Finding this derivative is a bit complicated, so we won't prove it at this point.

Here, $f(x)$ is not smooth (though it is continuous) at $x=0$ and so the limits $\lim _{x\to 0^{+}}f'(x)$ and $\lim _{x\to 0^{-}}f'(x)$ (the limits as 0 is approached from the right and left respectively) are not equal. From the definition, $f'(0)=\lim _{\Delta x\to 0}{\frac {|\Delta x|}{\Delta x}}$ , which does not exist. Thus, $f'(0)$ is undefined, and so $f'(x)$ has a discontinuity at 0. This sort of point of non-differentiability is called a cusp. Functions may also not be differentiable because they go to infinity at a point, or oscillate infinitely frequently.

Understanding the derivative notation

The derivative notation is special and unique in mathematics. The most common notation for derivatives you'll run into when first starting out with differentiating is the Leibniz notation, expressed as ${\frac {dy}{dx}}$ . You may think of this as "rate of change in $y$ with respect to $x$ " . You may also think of it as "infinitesimal value of $y$ divided by infinitesimal value of $x$ " . Either way is a good way of thinking, although you should remember that the precise definition is the one we gave above. Often, in an equation, you will see just ${\frac {d}{dx}}$ , which literally means "derivative with respect to x". This means we should take the derivative of whatever is written to the right; that is, ${\frac {d}{dx}}(x+2)$ means ${\frac {dy}{dx}}$ where $y=x+2$ .

As you advance through your studies, you will see that we sometimes pretend that $dy$ and $dx$ are separate entities that can be multiplied and divided, by writing things like $dy=x^{4}dx$ . Eventually you will see derivatives such as ${\frac {dx}{dy}}$ , which just means that the input variable of our function is called $y$ and our output variable is called $x$ ; sometimes, we will write ${\frac {d}{dy}}$ , to mean the derivative with respect to $y$ of whatever is written on the right. In general, the variables could be anything, say ${\frac {d\theta }{dr}}$ .

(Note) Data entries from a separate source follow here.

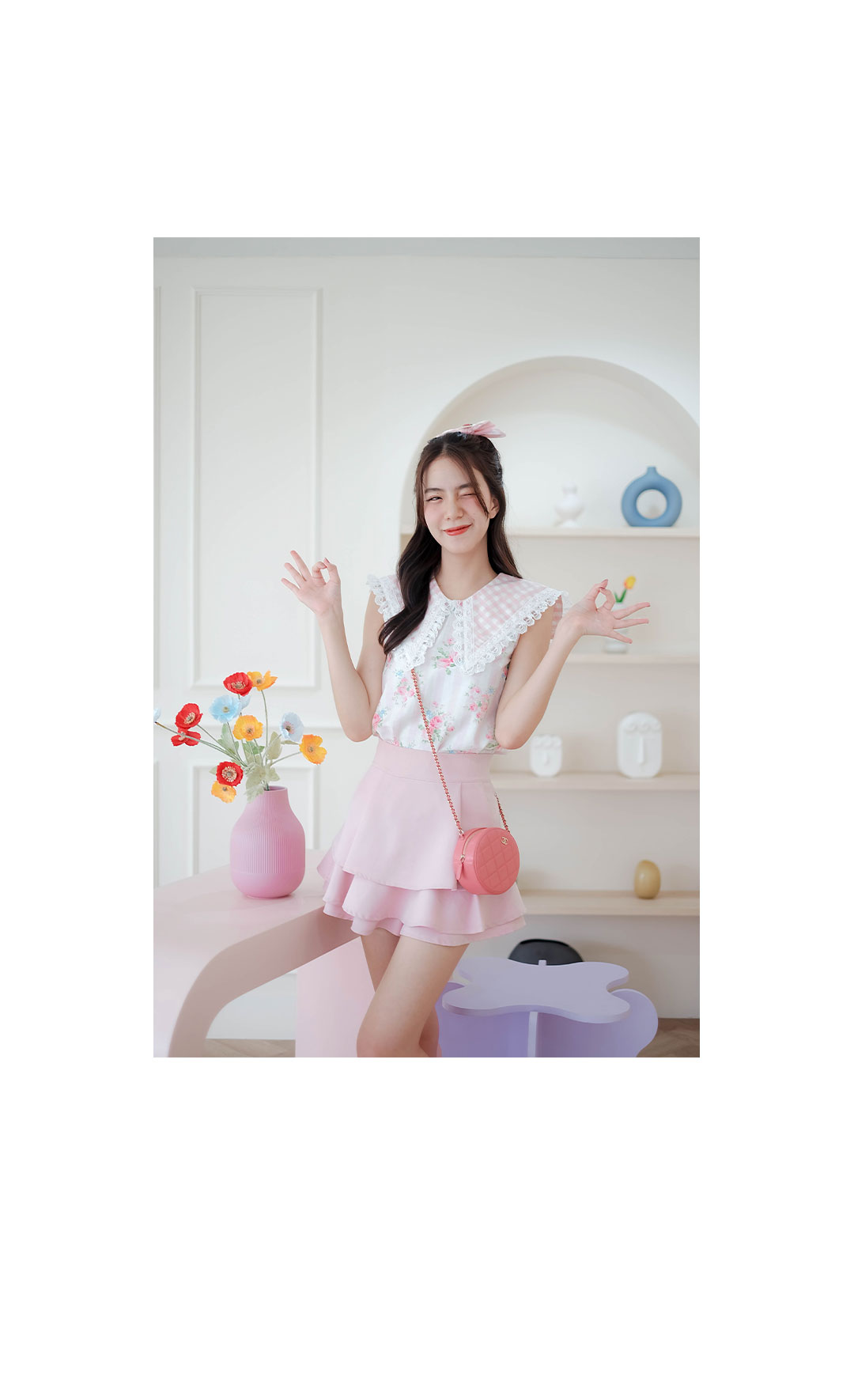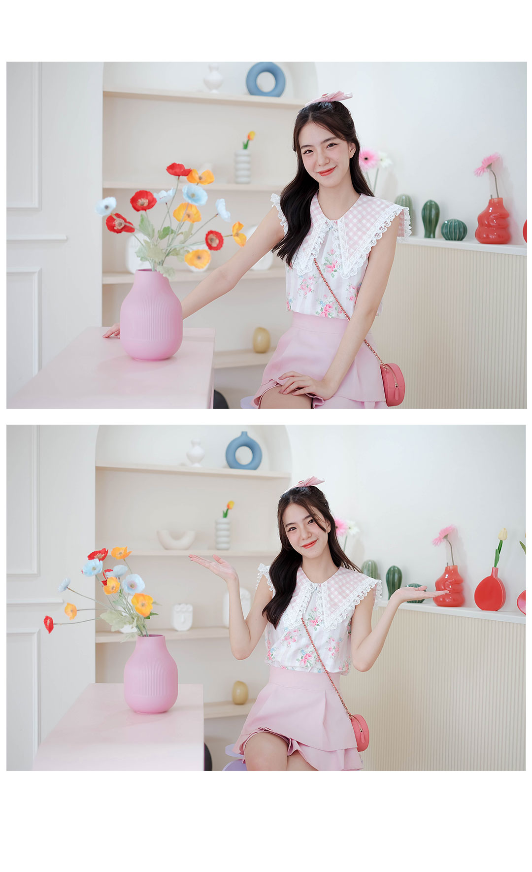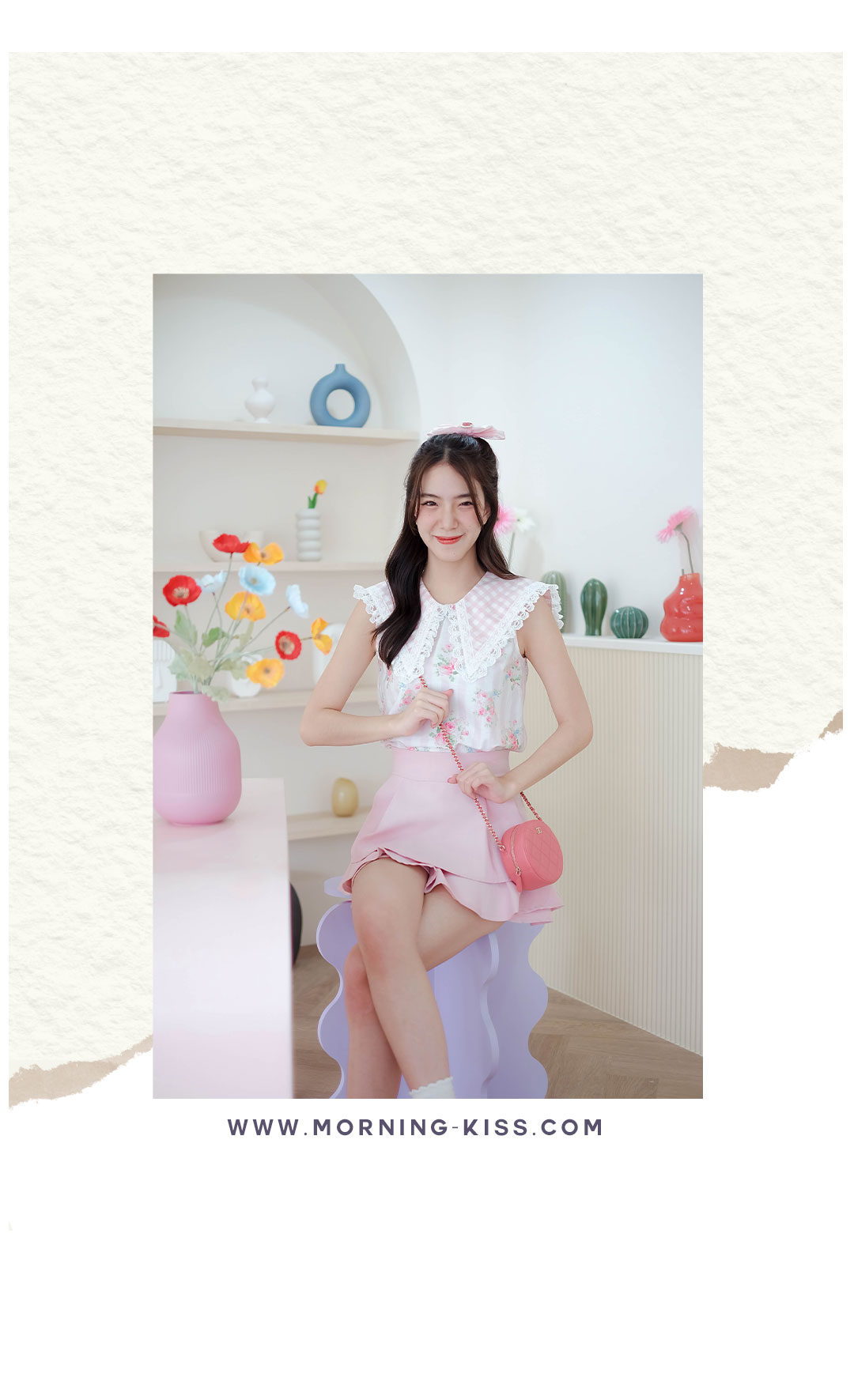 Must Have Item อากาศร้อนๆทำเสื้อแขนกุดน่ารักๆมาฝาก แบบสวนหวานน่ารักมากๆ ช่วงคอปกเป็นผ้าลายตารางสีชมพูสลับขาวแต่งระบายด้วยผ้าลูกไม้สีขาว ตัวเสื้อเป็นลายริ้วขาวสลับชมพูงานปริ้นลายดอกไม้หวานๆ ลุคสดใส ดีเทลอัดแน่นเลย รุ่นนี้ไม่ใส่ซับใน ผ้าไม่บางเนื้อทึบไม่โป๊ แมทกับกระโปรงหรือกางเกง ได้หลากหลายโอกาสเลย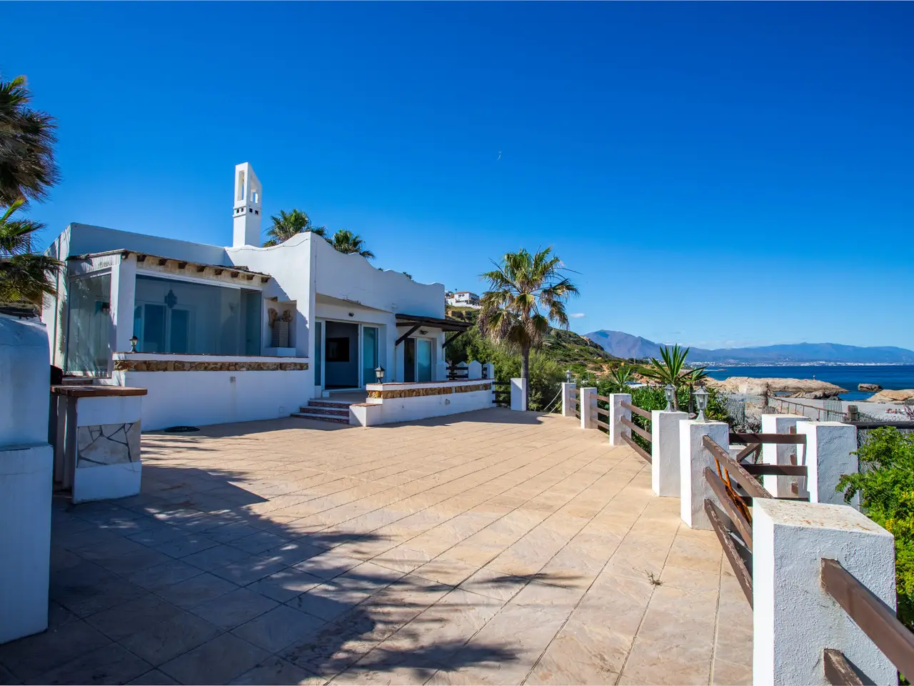 This stunning villa is located in Chullera Baja, built on a rock on the beachfront, it is a unique and magical place to live. With direct access to the beach, this property offers incredible panoramic views of the Mediterranean Sea, the Rock of Gibraltar, and the African coast. With a plot of 1,307 square meters, this villa is situated in a privileged environment. Imagine waking up every day listening to the waves of the sea and feeling the gentle breeze of the Mediterranean. The villa has a private pool and a spacious private garden, where you can enjoy the Mediterranean climate and moments of relaxation. It also has a barbecue area, perfect for enjoying outdoor meals with family and friends while enjoying the beach views. Inside, the villa offers a spacious living room with a fireplace and large windows overlooking the sea. The kitchen is fully equipped and has all the necessary appliances. The three bedrooms of the villa have en-suite bathrooms, providing privacy and comfort to its occupants. The villa also has a rooftop solarium, where you can enjoy panoramic views of the sea and beautiful sunrises on the beachfront. It also has a wine cellar, perfect for wine lovers, and a game room with a toilet next to the pool. With a southeast orientation, this villa enjoys natural light throughout the day. It is also close to golf courses, shops, restaurants, and the harbor. The surrounding environment of this villa is a unique opportunity to live surrounded by nature and tranquility. Don't miss the opportunity to live in this incredible luxury villa by the sea and book a visit with us.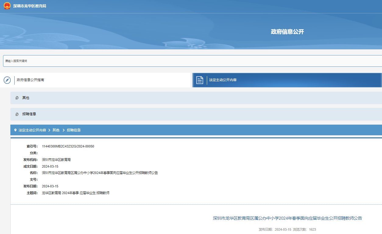 2024年春季廣東深圳市龍華區(qū)教育局區(qū)屬公辦中小學(xué)面向應(yīng)屆畢業(yè)生公開招聘教師公告已發(fā)布,北京、廣州考點(diǎn)報(bào)名截止時(shí)間為3月27日18:00;武漢、哈爾濱考點(diǎn)報(bào)名截止時(shí)間為4月10日18:00?,F(xiàn)將招聘公告原文發(fā)布如下: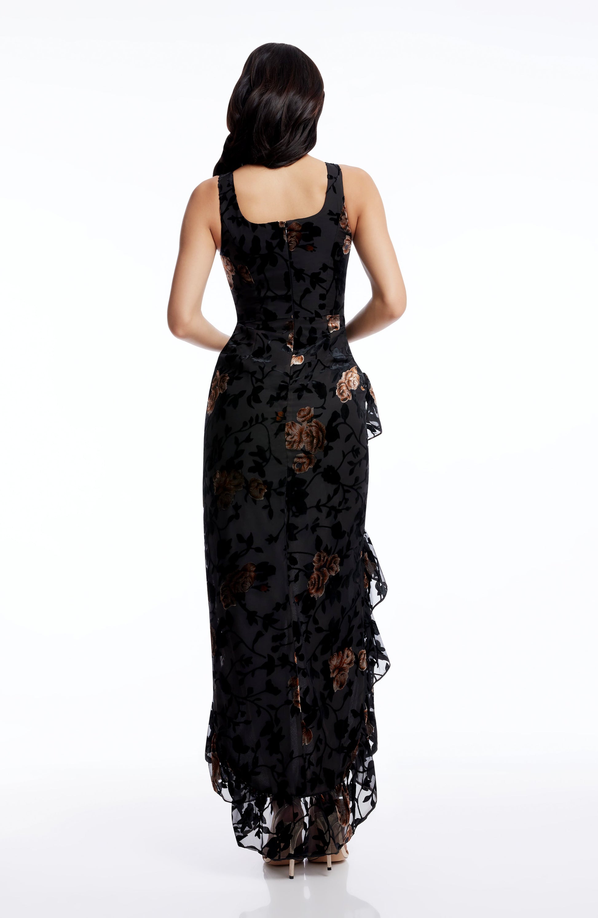 This Charlene Dress features a sleeveless design and a square neck, with a figure-flattering bodycon fit. The asymmetrical ruffle detailing adds a touch of elegance to this stunning mermaid gown.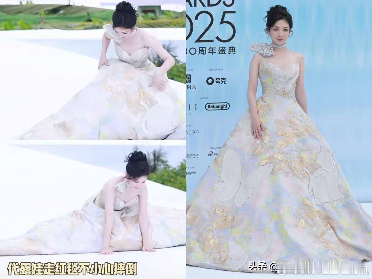 今天ELLE三亚盛典,代露娃刚上t台走几步就一直拽着裙子,估计是裙子太长太重了。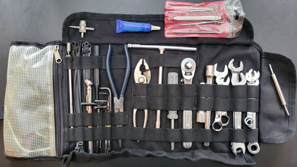 In a Dollar Store pencil case, I have my sockets, some hex bit sockets (3/8″ and 1/4″ stubbies), an elbow socket, spark plug socket, a couple of crowfoot sockets (again, particular to my bike), a spoke wrench, and said vice grips (aka locking pliers). I used to carry torx bits with the BMW, but since switching to Triumph, I now carry hex bits.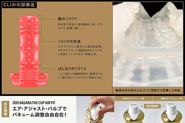 新機構エアアジャストバルブを搭載!「SOD BASARA」シリーズ最新作の簡易オナホ「CLI(クリ)」。無数の粒突起が全体をこねくり回すように責め立てる突起特化型構造!ビリリと痺れるような快感がクセになる非貫通オナホ。先端のキャップを開閉することで自分好みの圧力や挿入感を味わえます◎重さ156g、ロイヤルウレタン製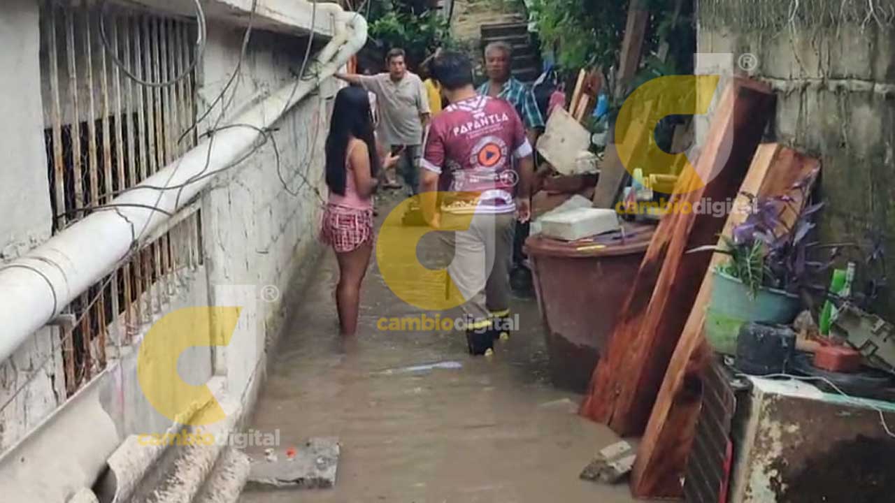 Se registraron afectaciones en la calle Xalapa, tras las lluvias registradas este jueves 24 de agosto varias personas quedaron atrapadas debido a que el nivel del agua subió alrededor de un metro, imposibilitando la salida de sus hogares.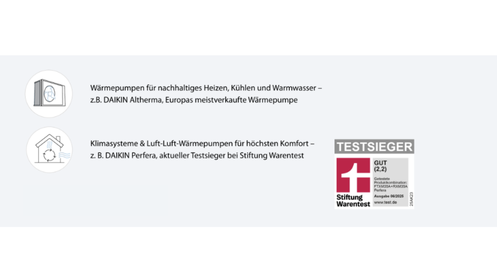 Seit über 100 Jahren steht DAIKIN weltweit für Heiz-, Kühl- und Klimasysteme – millionenfach im Einsatz, zuverlässig, effizient und sofort verfügbar beim Großhandel in Ihrer Nähe.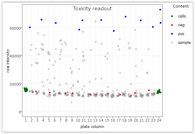 As expected in the toxicity readout, the BzCl wells will give more signal and bigger intensity values and DMSO wells will have very small signal.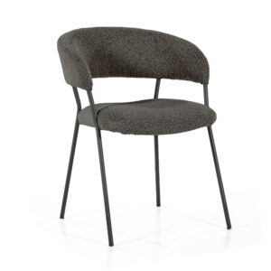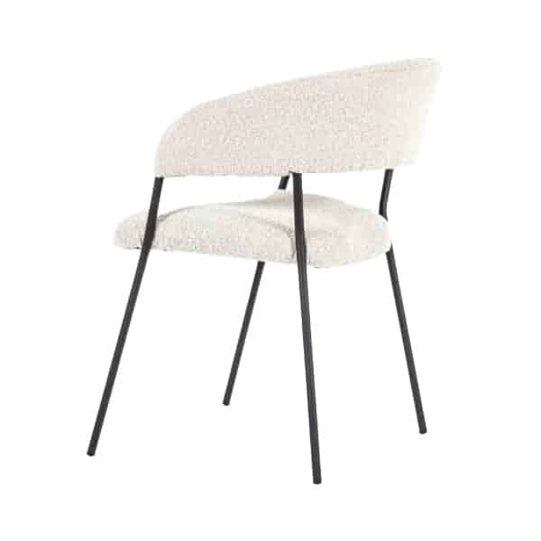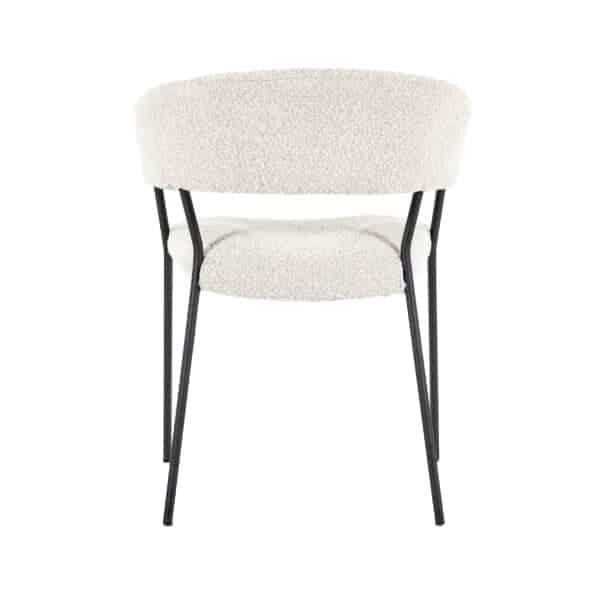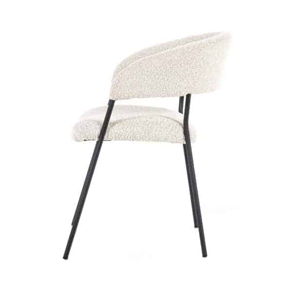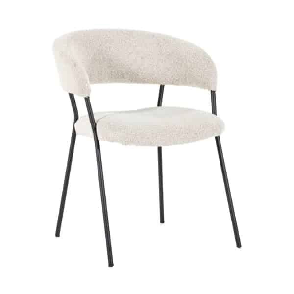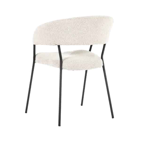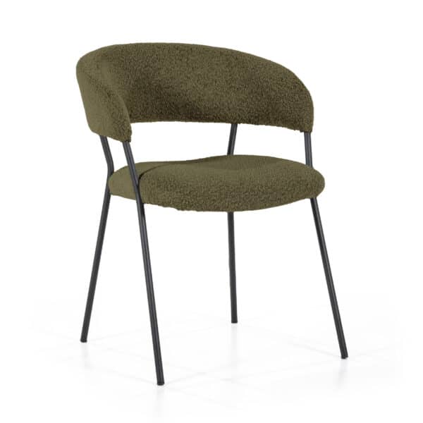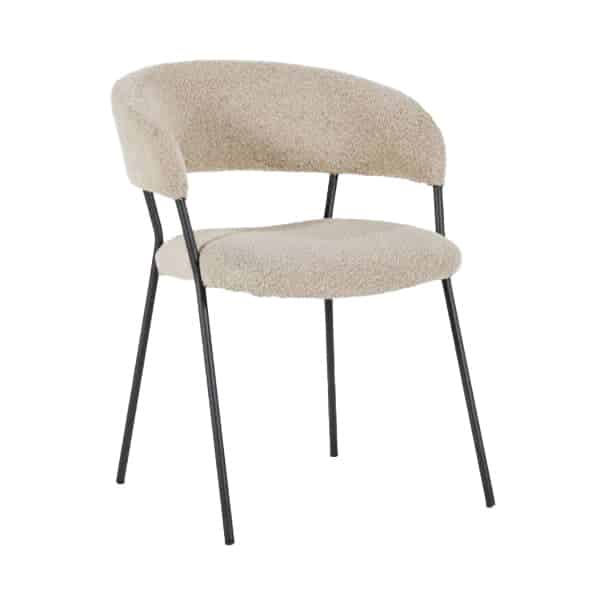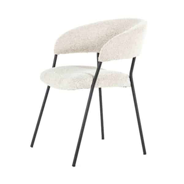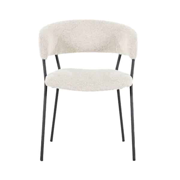 Armstoel Luka met zijn moderne design en comfortabele zit heeft ook een retro tintje. Het metalen frame is de verbinding tussen de rugleuning en zitting. De rugleuning loopt met zijn ronde vorm over in de armleuningen. De zitting en rugleuning zijn beide gestoffeerd in een teddy stoffering in vier verschillende kleuren.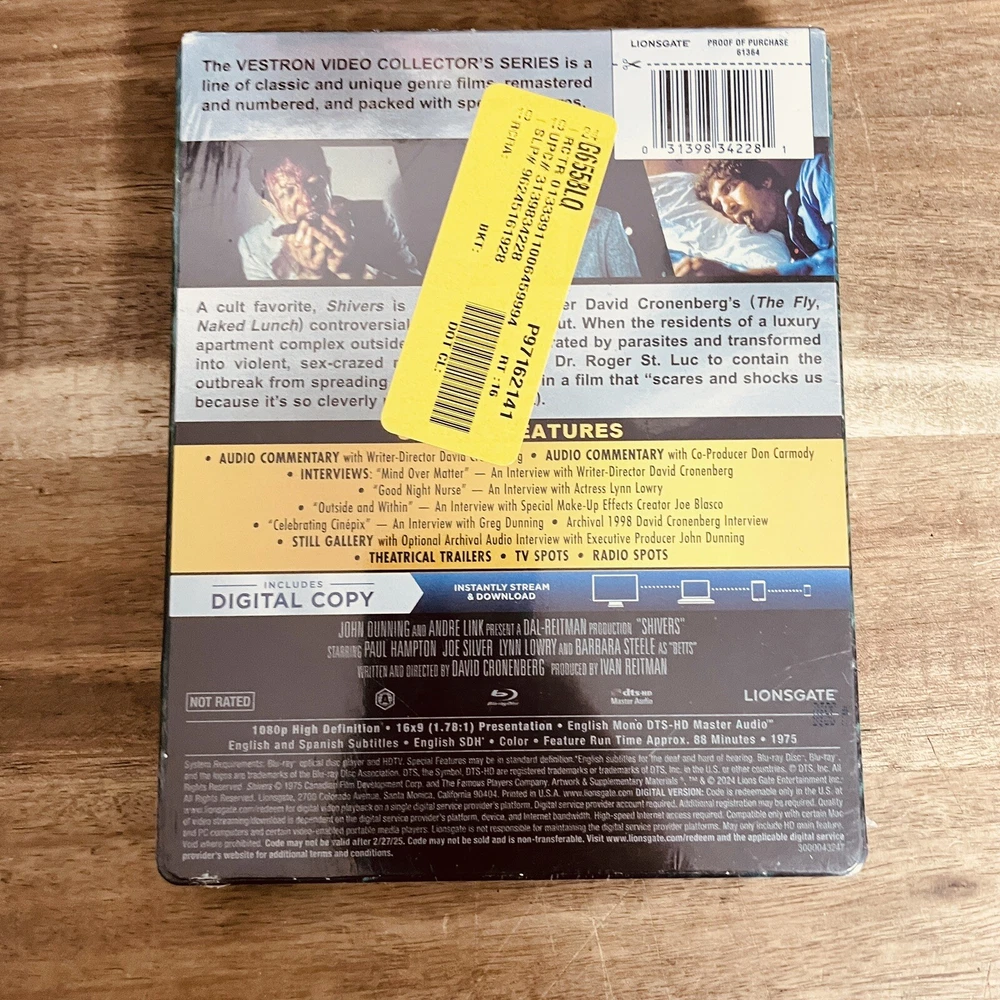 Shivers (1975) Steelbook (Blu-Ray, Digital) SEALED U.S. Exclusive - Cronenberg

All of the following are equivalent for expressing the derivative of $y=x^{2}$

${\frac {dy}{dx}}=2x$
${\frac {d}{dx}}x^{2}=2x$
$dy=2x\,dx$
$f'(x)=2x$
$D(f(x))=2x$

Exercises

2. Using the definition of the derivative find the derivative of the function

f(x)=2x+3

.

3. Using the definition of the derivative find the derivative of the function

f(x)=x^{3}

. Now try

f(x)=x^{4}

. Can you see a pattern? In the next section we will find the derivative of

f(x)=x^{n}

for all

n

.

4. The text states that the derivative of

|x|

is not defined at

x=0

. Use the definition of the derivative to show this.

5. Graph the derivative to

y=4x^{2}

on a piece of graph paper without solving for

{\frac {dy}{dx}}

. Then, solve for

{\frac {dy}{dx}}

and graph that; compare the two graphs.

6. Use the definition of the derivative to show that the derivative of

\sin(x)

is

\cos(x)

. Hint: Use a suitable sum to product formula and the fact that

\lim _{t\to 0}{\frac {\sin(t)}{t}}=1

and

\lim _{t\to 0}{\frac {\cos(t)-1}{t}}=0

.

Solutions

Differentiation Rules

The process of differentiation is tedious for complicated functions. Therefore, rules for differentiating general functions have been developed, and can be proved with a little effort. Once sufficient rules have been proved, it will be fairly easy to differentiate a wide variety of functions. Some of the simplest rules involve the derivative of linear functions.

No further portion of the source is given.